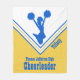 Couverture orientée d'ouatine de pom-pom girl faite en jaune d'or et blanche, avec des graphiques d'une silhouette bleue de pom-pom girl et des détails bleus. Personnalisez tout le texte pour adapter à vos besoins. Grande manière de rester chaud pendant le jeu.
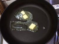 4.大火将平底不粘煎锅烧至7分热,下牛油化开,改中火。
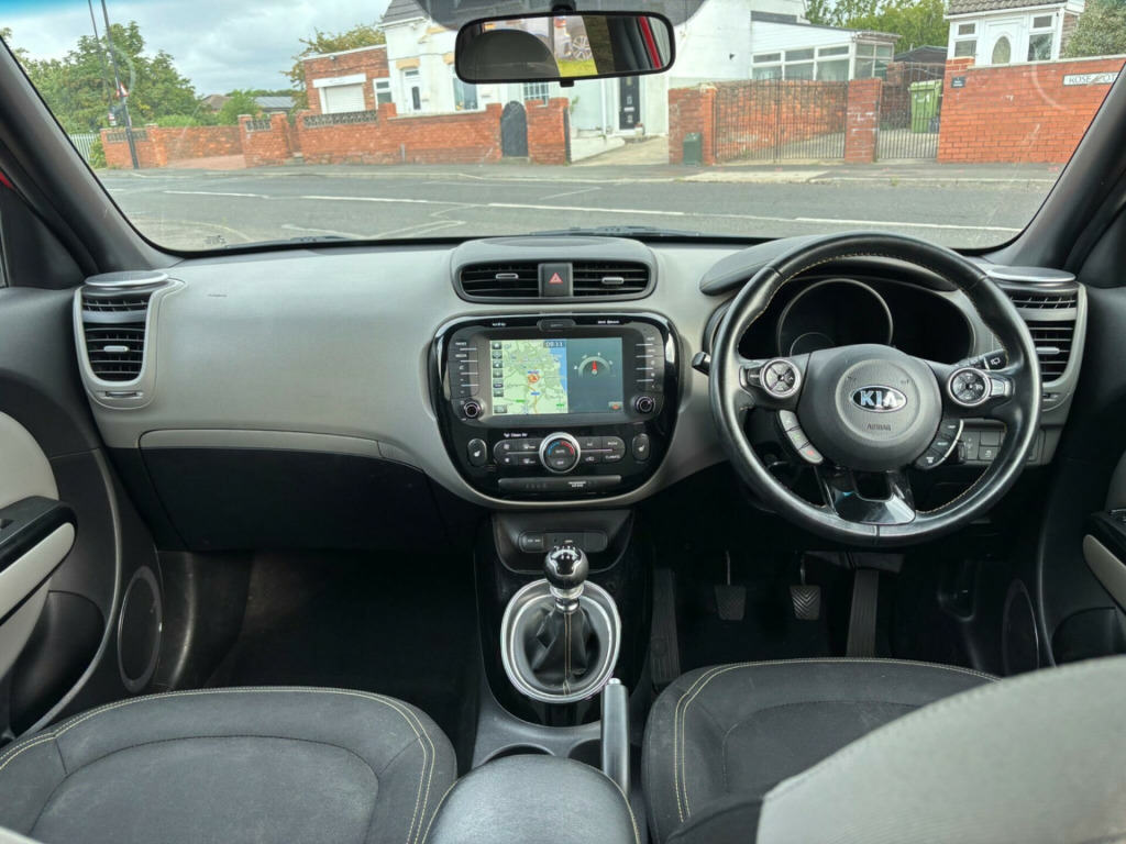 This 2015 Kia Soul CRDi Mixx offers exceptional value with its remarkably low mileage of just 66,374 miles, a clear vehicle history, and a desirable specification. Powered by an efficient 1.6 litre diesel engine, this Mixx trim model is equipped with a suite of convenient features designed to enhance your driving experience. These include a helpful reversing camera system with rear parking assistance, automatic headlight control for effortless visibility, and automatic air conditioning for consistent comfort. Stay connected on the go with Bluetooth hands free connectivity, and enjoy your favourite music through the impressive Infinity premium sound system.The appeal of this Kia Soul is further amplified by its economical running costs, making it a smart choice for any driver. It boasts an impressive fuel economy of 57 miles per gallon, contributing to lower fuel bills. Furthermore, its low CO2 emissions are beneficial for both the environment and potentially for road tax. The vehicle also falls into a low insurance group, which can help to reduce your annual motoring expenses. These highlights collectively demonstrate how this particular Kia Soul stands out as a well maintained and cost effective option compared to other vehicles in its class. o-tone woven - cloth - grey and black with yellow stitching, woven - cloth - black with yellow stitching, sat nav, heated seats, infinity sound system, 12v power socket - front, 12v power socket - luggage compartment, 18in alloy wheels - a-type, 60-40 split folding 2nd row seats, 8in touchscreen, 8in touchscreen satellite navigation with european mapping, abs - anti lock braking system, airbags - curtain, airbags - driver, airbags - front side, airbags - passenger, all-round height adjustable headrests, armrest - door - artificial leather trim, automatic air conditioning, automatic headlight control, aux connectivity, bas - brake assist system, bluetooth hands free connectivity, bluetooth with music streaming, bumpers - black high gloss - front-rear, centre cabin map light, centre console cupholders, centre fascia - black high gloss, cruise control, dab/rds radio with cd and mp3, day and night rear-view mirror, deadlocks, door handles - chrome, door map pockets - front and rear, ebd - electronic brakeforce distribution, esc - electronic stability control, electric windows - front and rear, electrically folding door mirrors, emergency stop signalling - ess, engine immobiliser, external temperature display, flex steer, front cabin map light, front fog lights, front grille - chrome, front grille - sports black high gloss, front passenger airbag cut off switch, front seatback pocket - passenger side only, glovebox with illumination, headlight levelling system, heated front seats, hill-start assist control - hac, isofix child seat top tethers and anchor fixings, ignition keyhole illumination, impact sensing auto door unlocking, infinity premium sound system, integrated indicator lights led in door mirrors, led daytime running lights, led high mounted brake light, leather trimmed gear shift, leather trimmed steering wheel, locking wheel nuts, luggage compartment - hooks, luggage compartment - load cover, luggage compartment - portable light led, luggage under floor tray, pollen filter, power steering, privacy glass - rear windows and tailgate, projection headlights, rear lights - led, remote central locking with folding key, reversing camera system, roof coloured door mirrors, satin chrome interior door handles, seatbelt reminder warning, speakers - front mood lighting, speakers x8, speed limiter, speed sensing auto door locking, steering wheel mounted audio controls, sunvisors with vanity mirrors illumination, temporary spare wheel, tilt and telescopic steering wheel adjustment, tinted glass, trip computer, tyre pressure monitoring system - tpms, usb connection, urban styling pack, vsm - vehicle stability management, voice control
* * *
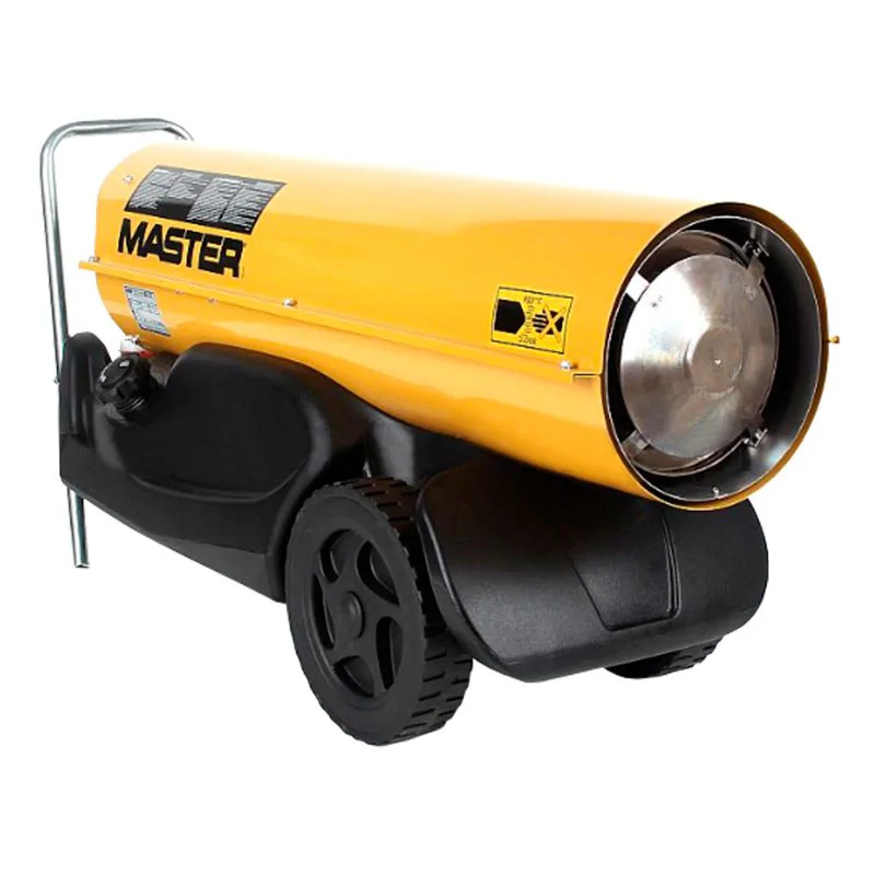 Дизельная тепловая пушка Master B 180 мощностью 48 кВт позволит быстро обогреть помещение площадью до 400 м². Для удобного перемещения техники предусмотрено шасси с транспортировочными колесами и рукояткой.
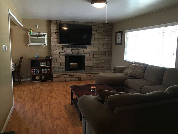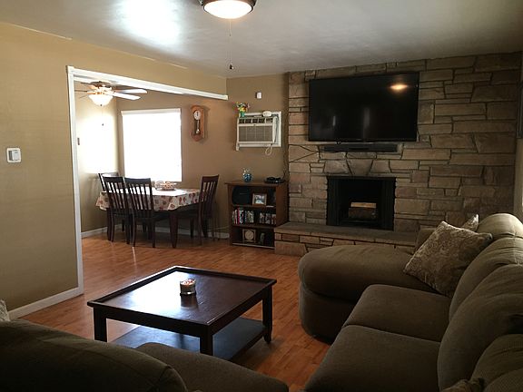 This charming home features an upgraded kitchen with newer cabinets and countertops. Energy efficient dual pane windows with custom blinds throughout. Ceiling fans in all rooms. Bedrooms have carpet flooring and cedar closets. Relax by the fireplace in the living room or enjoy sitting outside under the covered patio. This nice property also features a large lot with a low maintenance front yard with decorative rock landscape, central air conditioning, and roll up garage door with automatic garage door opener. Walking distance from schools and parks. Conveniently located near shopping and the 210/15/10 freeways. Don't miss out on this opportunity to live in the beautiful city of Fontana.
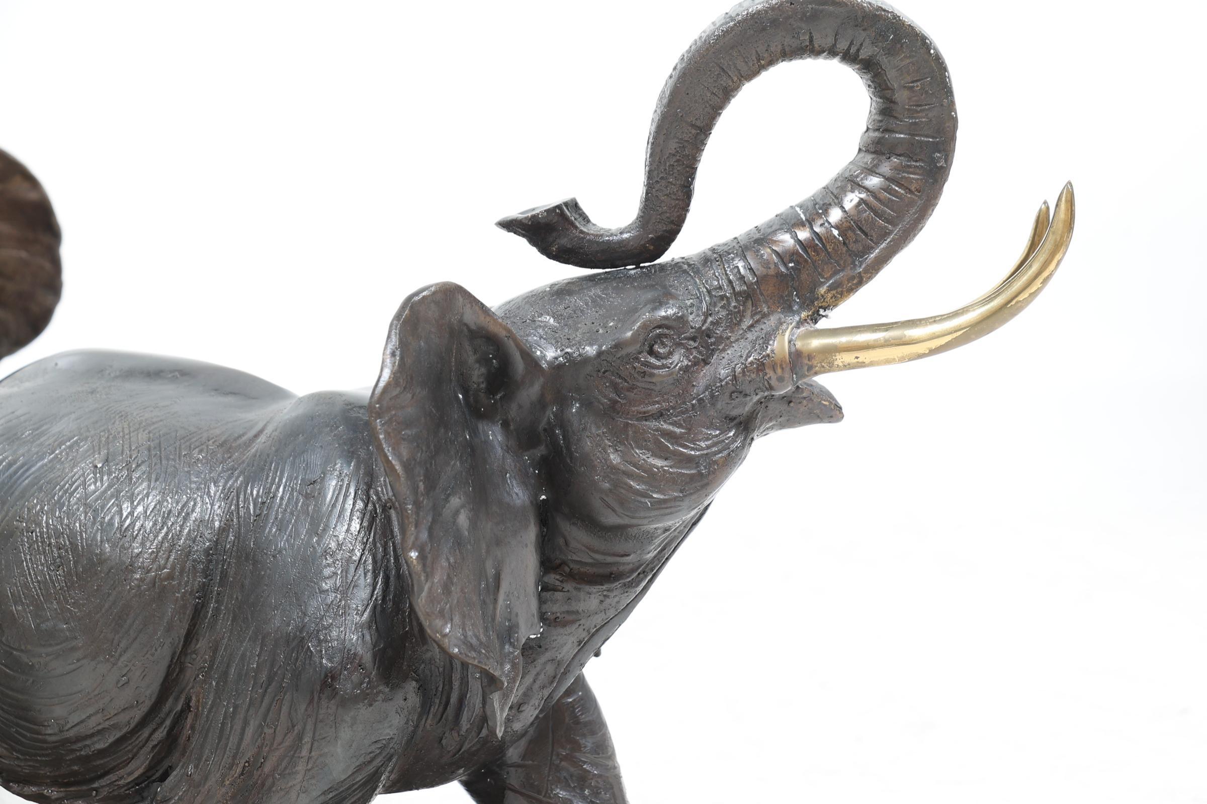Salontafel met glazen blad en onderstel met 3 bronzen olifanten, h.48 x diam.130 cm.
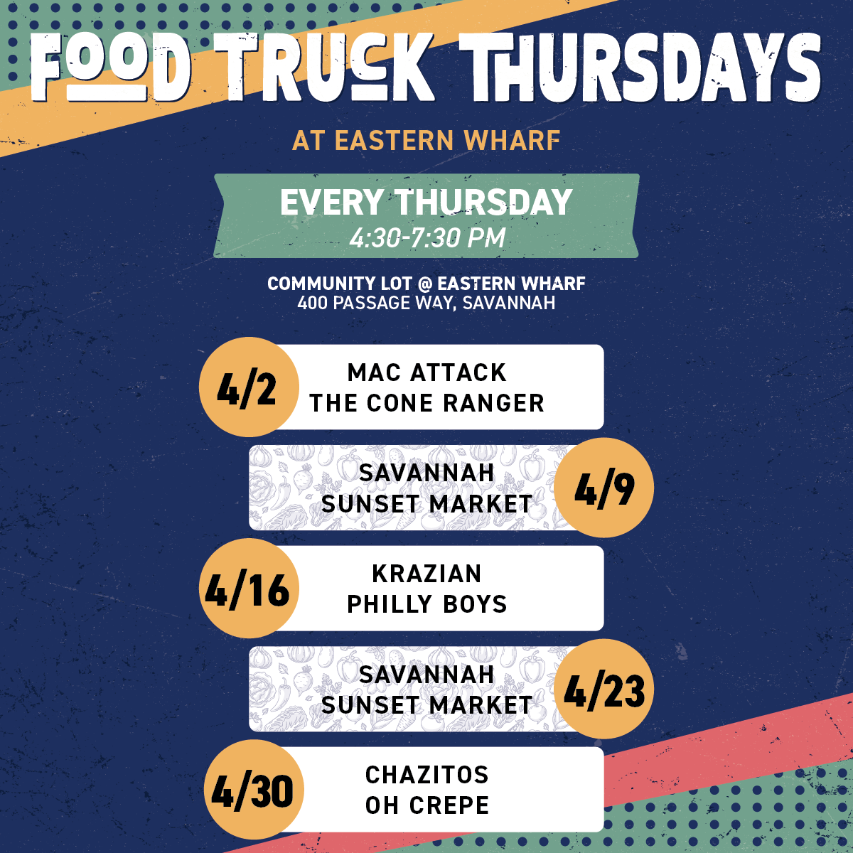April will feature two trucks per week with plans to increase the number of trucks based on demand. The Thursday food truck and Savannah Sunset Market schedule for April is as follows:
==
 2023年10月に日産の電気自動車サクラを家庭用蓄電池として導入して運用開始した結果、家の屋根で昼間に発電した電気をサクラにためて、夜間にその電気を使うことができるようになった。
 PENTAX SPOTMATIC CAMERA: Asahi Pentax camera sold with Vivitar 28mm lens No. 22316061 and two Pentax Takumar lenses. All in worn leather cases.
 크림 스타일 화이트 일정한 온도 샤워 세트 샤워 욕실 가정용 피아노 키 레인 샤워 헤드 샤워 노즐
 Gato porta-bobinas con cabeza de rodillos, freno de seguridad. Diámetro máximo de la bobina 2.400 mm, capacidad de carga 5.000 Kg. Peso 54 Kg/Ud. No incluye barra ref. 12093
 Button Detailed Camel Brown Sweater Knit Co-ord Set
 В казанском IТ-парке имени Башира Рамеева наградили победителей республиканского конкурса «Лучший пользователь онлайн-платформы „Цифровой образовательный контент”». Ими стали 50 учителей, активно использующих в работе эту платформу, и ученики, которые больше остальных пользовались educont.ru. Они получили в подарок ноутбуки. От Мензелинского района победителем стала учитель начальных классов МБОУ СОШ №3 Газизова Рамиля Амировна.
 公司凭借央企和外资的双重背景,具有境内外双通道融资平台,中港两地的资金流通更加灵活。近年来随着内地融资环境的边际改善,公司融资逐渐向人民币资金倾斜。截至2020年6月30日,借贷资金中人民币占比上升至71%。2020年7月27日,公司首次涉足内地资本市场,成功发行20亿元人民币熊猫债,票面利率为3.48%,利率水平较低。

Exercise requirements: Output exactly the lines of the listing above that start with the one holding "Couverture orientée d'ouatine" and go on through the one holding "4.大火将平底不粘煎锅烧至7分热,下牛油化开,改中火。"; leave the pictures out.

Response to this task:
 Couverture orientée d'ouatine de pom-pom girl faite en jaune d'or et blanche, avec des graphiques d'une silhouette bleue de pom-pom girl et des détails bleus. Personnalisez tout le texte pour adapter à vos besoins. Grande manière de rester chaud pendant le jeu.
 4.大火将平底不粘煎锅烧至7分热,下牛油化开,改中火。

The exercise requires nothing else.